Everything in the data except the pictures belongs in your answer, copied exactly.
** Opening Supplied information block **
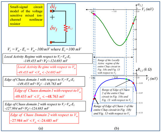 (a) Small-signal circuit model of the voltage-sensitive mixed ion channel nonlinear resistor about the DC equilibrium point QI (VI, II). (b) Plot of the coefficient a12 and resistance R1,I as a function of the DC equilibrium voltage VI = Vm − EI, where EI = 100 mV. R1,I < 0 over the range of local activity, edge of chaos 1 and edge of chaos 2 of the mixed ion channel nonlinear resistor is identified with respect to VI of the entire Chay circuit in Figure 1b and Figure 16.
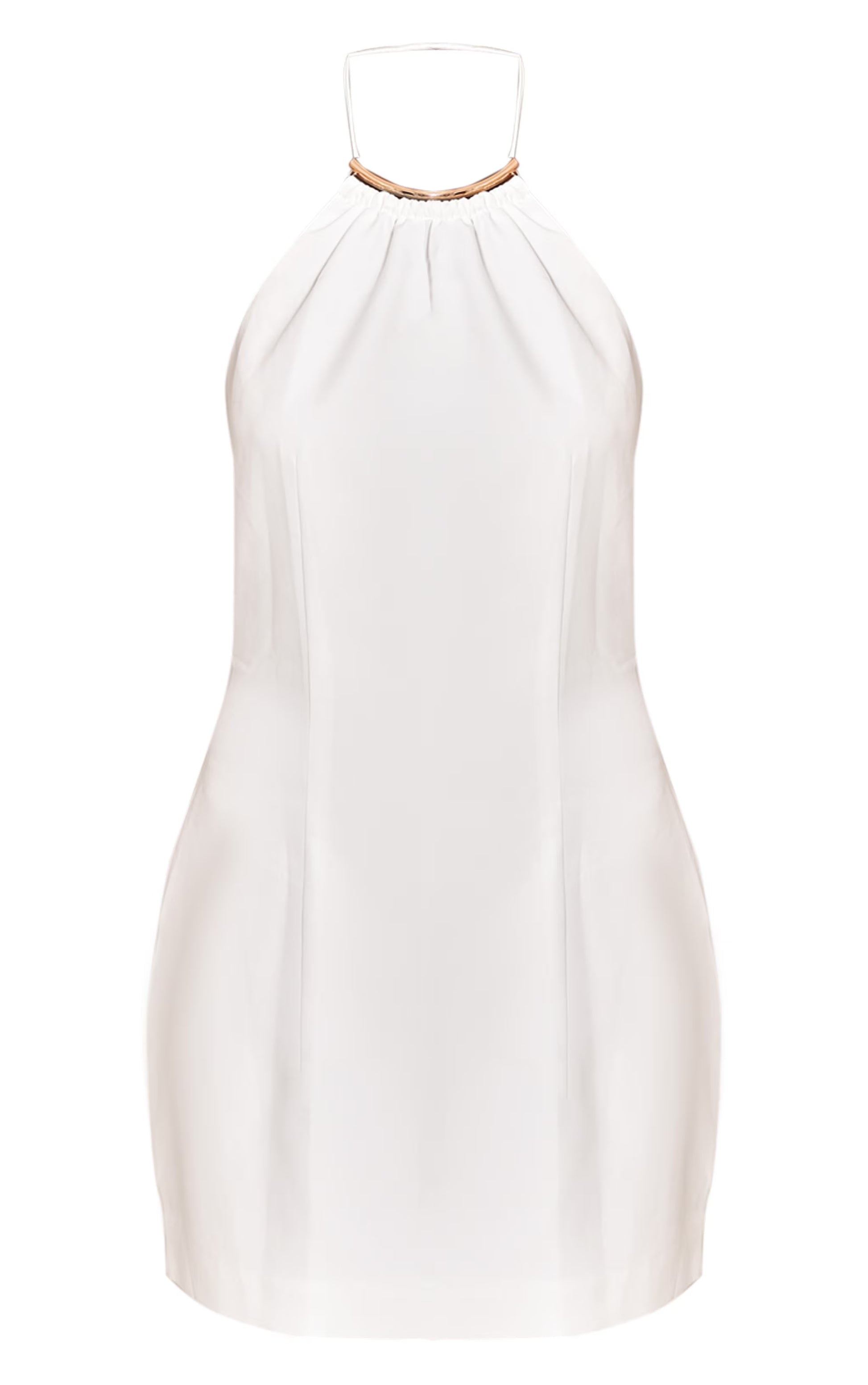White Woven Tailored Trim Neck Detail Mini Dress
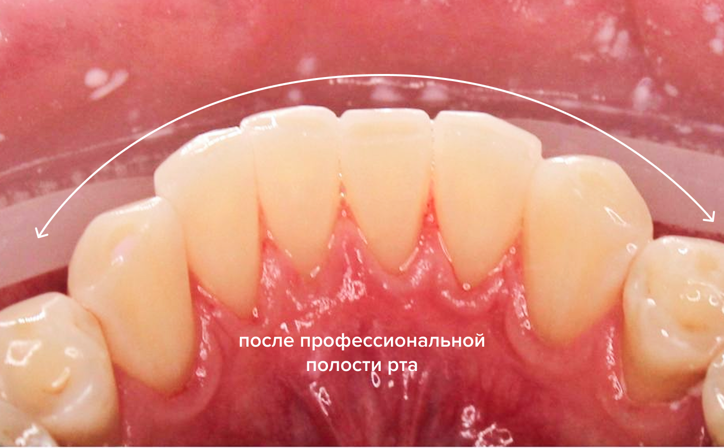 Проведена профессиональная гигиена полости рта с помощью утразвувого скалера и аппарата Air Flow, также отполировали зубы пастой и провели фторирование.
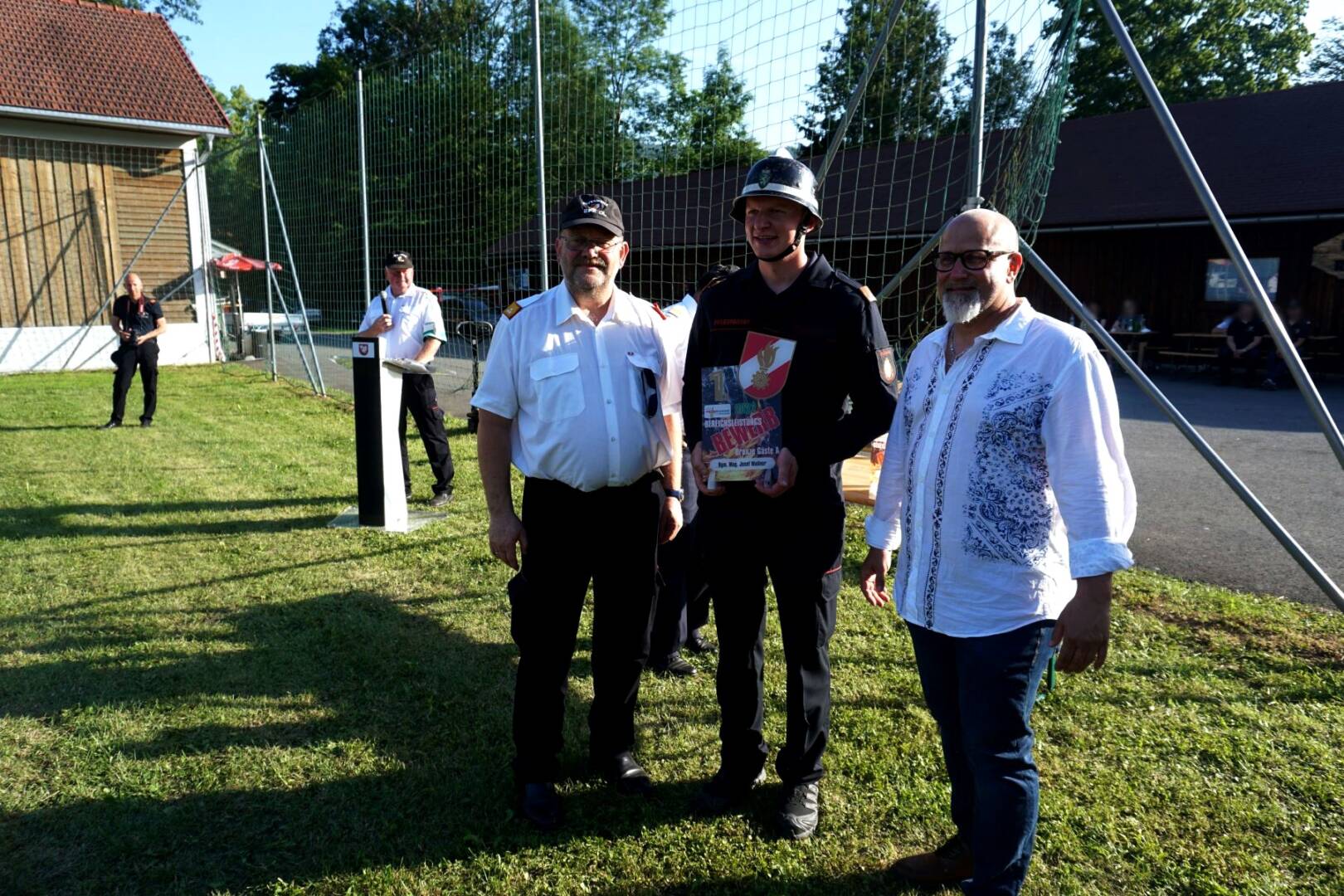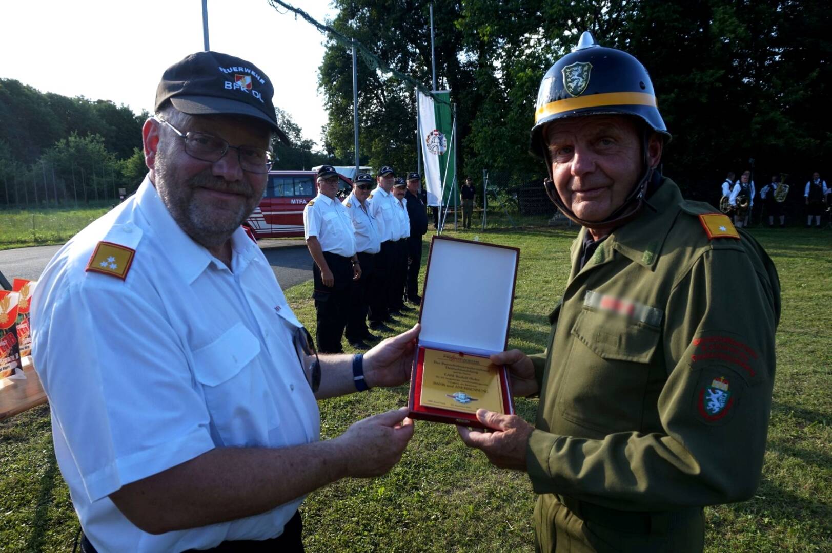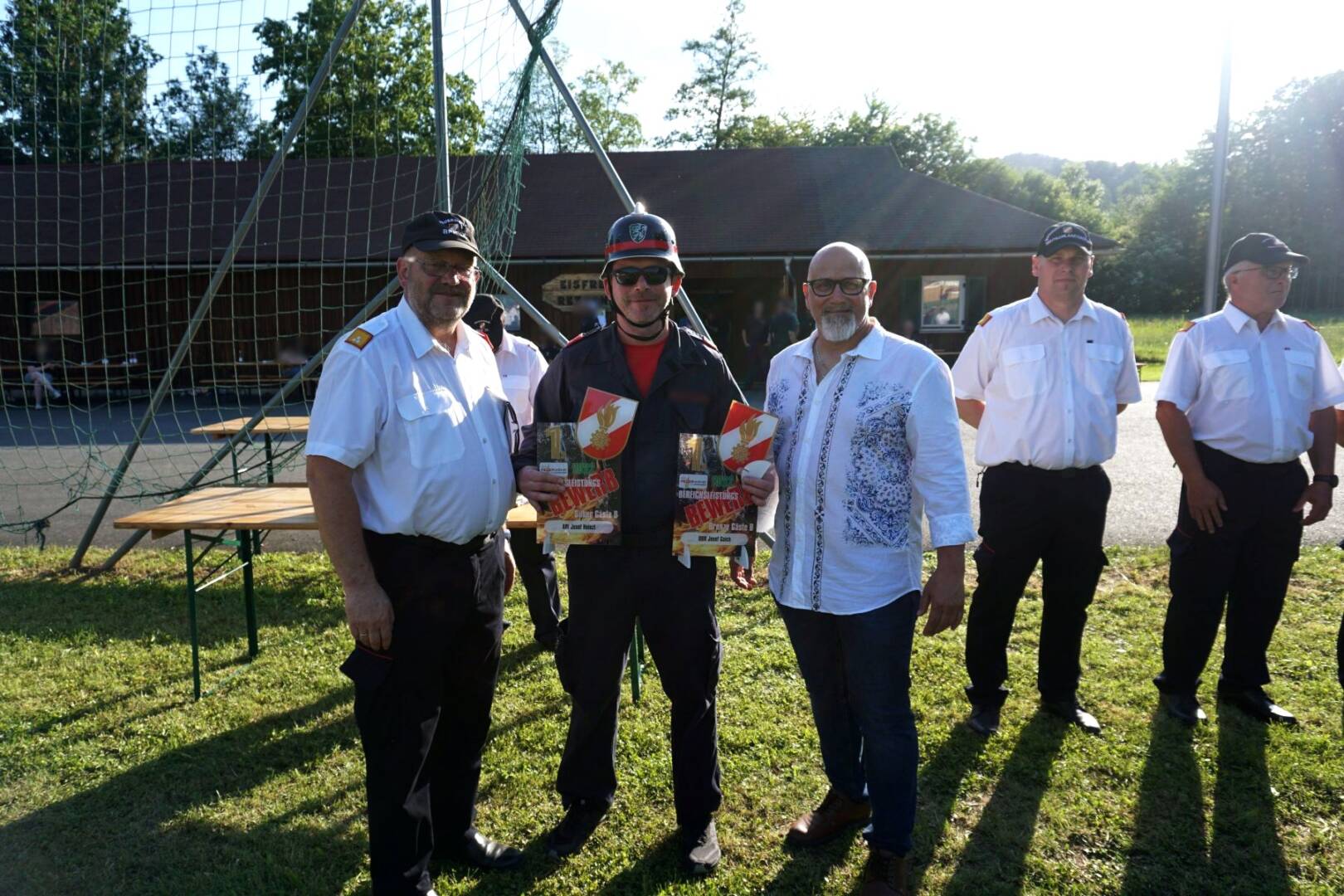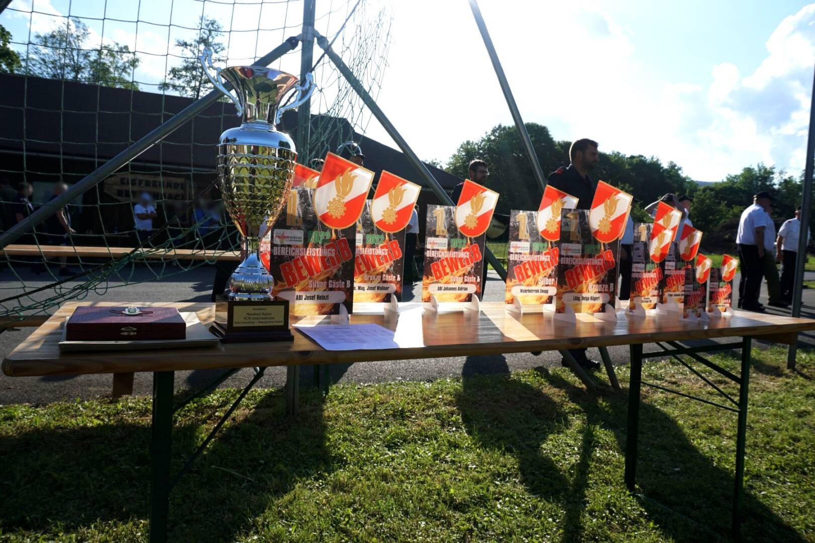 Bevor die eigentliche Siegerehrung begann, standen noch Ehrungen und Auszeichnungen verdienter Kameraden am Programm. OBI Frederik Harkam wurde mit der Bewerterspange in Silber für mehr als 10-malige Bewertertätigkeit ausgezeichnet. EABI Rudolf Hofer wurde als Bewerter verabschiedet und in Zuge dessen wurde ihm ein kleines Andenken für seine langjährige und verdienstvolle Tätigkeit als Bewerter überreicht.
** Closing Supplied information block **
* **Your response**:
 (a) Small-signal circuit model of the voltage-sensitive mixed ion channel nonlinear resistor about the DC equilibrium point QI (VI, II). (b) Plot of the coefficient a12 and resistance R1,I as a function of the DC equilibrium voltage VI = Vm − EI, where EI = 100 mV. R1,I < 0 over the range of local activity, edge of chaos 1 and edge of chaos 2 of the mixed ion channel nonlinear resistor is identified with respect to VI of the entire Chay circuit in Figure 1b and Figure 16.
White Woven Tailored Trim Neck Detail Mini Dress
 Проведена профессиональная гигиена полости рта с помощью утразвувого скалера и аппарата Air Flow, также отполировали зубы пастой и провели фторирование.
 Bevor die eigentliche Siegerehrung begann, standen noch Ehrungen und Auszeichnungen verdienter Kameraden am Programm. OBI Frederik Harkam wurde mit der Bewerterspange in Silber für mehr als 10-malige Bewertertätigkeit ausgezeichnet. EABI Rudolf Hofer wurde als Bewerter verabschiedet und in Zuge dessen wurde ihm ein kleines Andenken für seine langjährige und verdienstvolle Tätigkeit als Bewerter überreicht.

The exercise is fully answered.